Doug, your analogy is not valid because a biased reporting method has a different likelihood function to the possible prior states, compared to an unbiased one. In this case the single, fixed dataset that we see, has a different likelihood to the possible prior states, depending on the reporting method.
If a researcher who happens to be thinking biased thoughts carries out a fixed sequence of experimental actions, the resulting dataset we see does not have a different likelihood function to the possible prior states. All that a Bayesian needs to know is the experimental actions that were actually carried out and the data that was actually observed—not what the researcher was thinking at the time, or what other actions the researcher might have performed if things had gone differently, or what other dataset might then have been observed. We need only consider the actual experimental results.
Londenio, see Ron’s comment—it’s not a strawperson.
Just a note here: the fact that a dataset has the same likelihood function regardless of the procedure that produced it is actually NOT a trivial statement—the way I see it, it a somewhat deep result which follows from the optional stopping theorem and the fact that the likelihood function is bounded. Not trying to nitpick, just pointing out that there is something to think about here. According to my initial intuitions, this was actually rather surprising—I didn’t expect experimental results constructed using biased data (in the sense of non-fixed stopping time) to end up yielding unbiased results, even with full disclosure of all data.
It’s worth revising your intuitions if you found if surprising that a fixed physical act had the same likelihood to data regardless of researcher thoughts. It is indeed possible to see the mathematical result as “obvious at a glance”.
That’s not quite what I meant. It is not the experimenter’s thoughts that I am uncomfortable with- it is the collection of possible experimental outcomes.
I will try to illustrate with an example. Let us say that I toss a coin either (i) two times, or (ii) until it comes up heads. In the first case, the possible outcomes are HH, HT, TH, or TT; in the second case, they are H, TH, TTH, TTTH, TTTTH, etc. It isn’t obvious to me that a TH outcome has the same meaning in both cases. If, for instance, we were not talking about likelihood and instead decided to measure something else, e.g. the portion of tosses landing on heads, this wouldn’t be the case; in scenario (i), the expected portion of tosses landing on heads is 1⁄4 + .5/4 + .5/4 + 0⁄4 = .5, but in scenario (ii), it would be 1⁄2 + .5/4 + (1/3)/8 + .25/16 + … = log(2); i.e. a little under .7.

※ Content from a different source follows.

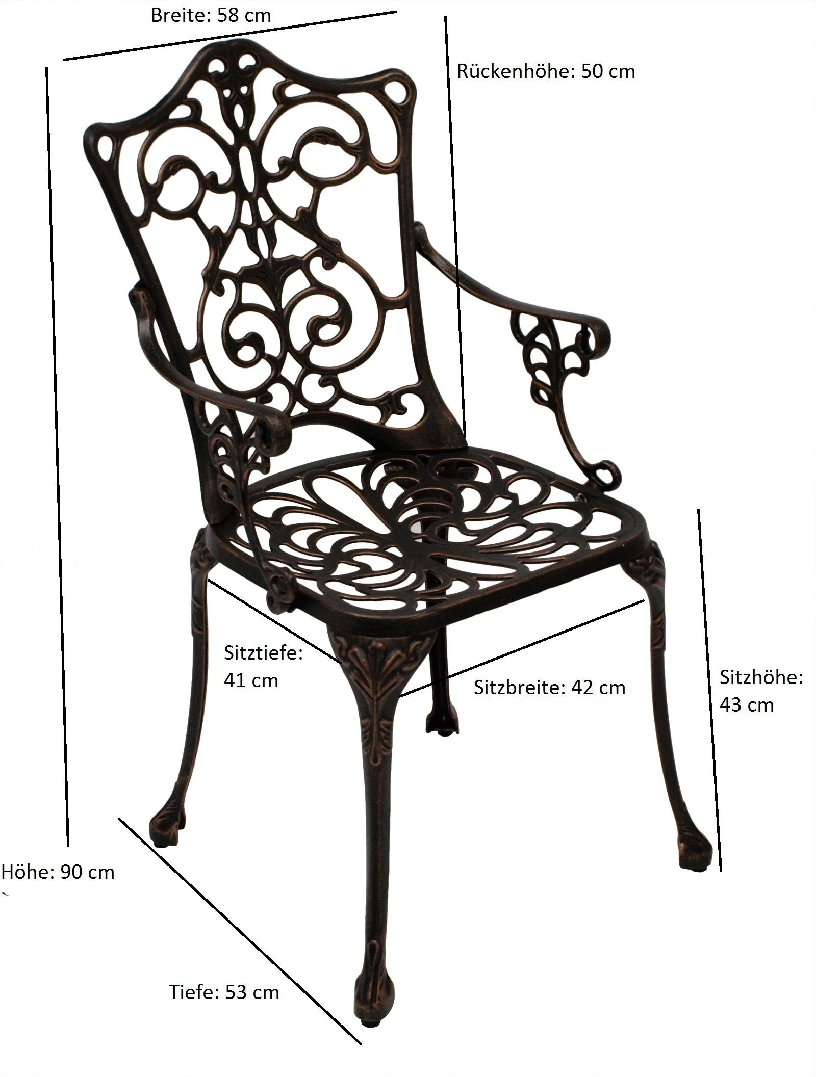 Die edle Bronze-Antik-Beschichtung verleiht der Essgruppe eine elegante Ausstrahlung und macht sie zu einem dekorativen Mittelpunkt auf Terrasse, Balkon oder im Garten. Trotz stabiler Verarbeitung bleibt das Set angenehm leicht und lässt sich flexibel umstellen.

I think in this case, we are assuming total and honest reporting of results (including publication); otherwise, we would be back to the story of filtered evidence. Therefore, the publication is not a result of the plans—it was going to happen in either case.
Thanks, I understood the mathematical point but was wondering if there is any practical significance since it seems in the real world that we cannot make such an assumption, and that in the real world we should trust the results of the two researchers differently (since the one researcher likely published no matter what, whereas the second probably only published the experiments which came out favorably (even if he didn’t publish false information)).
What is the practical import of this idea? In the real world with all of people’s biases shouldn’t we distinguish between the two researchers as a general heuristic for good research standards?
(If this is addressed in a different post on this site feel free to point me there since I have not read the majority of the site)
You can claim that it should have the same likelihood either way, but you have to put the discrepancy somewhere.
Knowing the choice of stopping rule is evidence about the experimenter’s state of knowledge about the efficacy. You can say that it should be treated as a separate piece of evidence, or that knowing about the stopping rule should change your prior, but if you don’t bring it in somewhere, you’re ignoring critical information.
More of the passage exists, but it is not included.